BRIMBORIONS EN RETARD Signes, intersignes, coïncidences, ou pas

Suis une voiture. C’est marqué à l’arrière : “Pourquoi me suivez-vous, je suis aussi perdu que vous.”

Dans la salle d’attente du dentiste, on entend toujours de la musique classique légère, légère et là, paf, le sacre du printemps, le passage un peu death-metal, bien martelé. Seul sur ma chaise, j’ai l’impression d’être un chrétien qu’on va jeter aux lions.

Le dentiste a lu “J’aurai ta peau Dominique A”. “C’est curieux, dit-il, justement, hier quelqu’un a tiré sur le chanteur de rap La Fouine.” Et il ajoute, songeur : “Drôle de coïncidence.”

Déménagement du piano. Le type arrive, sonne à la porte et regarde, consterné, les trois marches de l’entrée. “Il faut monter ça ?” dit-il, abasourdi.

Il lève les bras au ciel, apostrophe l’autre déménageur, qui a la carrure d’un ancien boxeur, se tape le front. “Il va falloir, vraiment, inventer quelque chose, Raymond.”

Finalement, le piano passe. Il me regarde, épuisé : “Pourquoi faut-il que vous jouiez du piano, et pas du pipeau ?”

En partant, il dit : “Le truc incroyable avec les pianos, c’est qu’il faut toujours tout réinventer.”

Sur la route, une souris coupée en deux, éviscérée. Juste après, une dame enceinte qui marche péniblement, en se tenant le ventre.

Enterrement de T. Je me glisse dans la salle où elle repose. Elle a tellement maigri qu’on ne la reconnaît plus. Seules les mains sont restées normales, mais extraordinairement blanches.

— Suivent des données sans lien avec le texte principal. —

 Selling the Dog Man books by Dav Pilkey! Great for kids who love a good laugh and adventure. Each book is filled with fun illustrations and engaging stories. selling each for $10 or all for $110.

“Aime les hommes, mais garde toujours la main sur la poignée de ton épée quand tu ne les connais pas. Un jugement ne doit jamais partir du coeur sans avoir été contrôlé par l’expérience.” Mac Orlan, L’ancre de miséricorde

Lu dans le petit manuel du parfait aventurier, de Pierre Mac Orlan :
“Installé dans un appartement confortable comme un noyau au centre d’un fruit...”

“Les livres d’aventures sont dangereux. Je fais exception pour les livres de Jules Verne, qui, totalement dépourvus d’art et de sensibilité, ne peuvent séduire que des apprentis botanistes. La terre vue par Jules Verne est ainsi qu’un immense Jardin des Plantes où chaque animal porte une étiquette à son cou, et chaque plante une fiche en français et en latin avec un numéro d’rodre pour l’herbier.”

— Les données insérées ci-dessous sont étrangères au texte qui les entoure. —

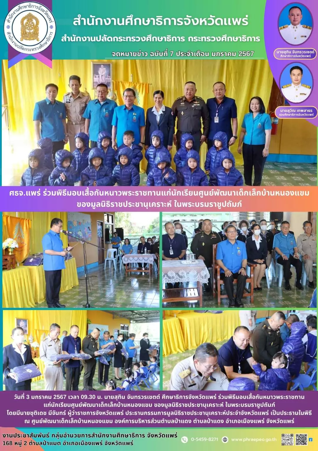 04 ม.ค. 67 ศธจ.แพร่ ร่วมพิธีมอบเสื้อกันหนาวพระราชทานแก่นักเรียนศูนย์พัฒนาเด็กเล็กบ้านหนองแขม ของมูลนิธิราชประชานุเคราะห์ ในพระบรมราชูปถัมภ์

“A consulter l’Histoire des Aventuriers, des Flibustiers et des Boucaniers d’Amérique, par Oewmelin, avec les cartes, le frontispice et le portrait d’un animal mou en forme de cachalot.”

“Voyez ce petit crabe couleur de beurre, entouré d’ornières profondes comme des vagues solidifiées : c’est un cabaret breton de la Côte.”

“La pensée – un des rares moyens de transport qui ne soit pas en commun.”

“L’heure du crime n’a aucune importance dans un roman d’aventures. Ce détail ne peut intéresser que les maniaques de l’horlogerie.”

“La terre est une vieille prostituée. Elle se vend partout.”

“La sensibilité s’abolit très vite devant des spectacles de cruauté répétés quotidiennement.”

Mac Orlan, Courbet :

“L’homme est seul devant la vie végétale, la vie minérale et la désespérante féerie des galaxies.”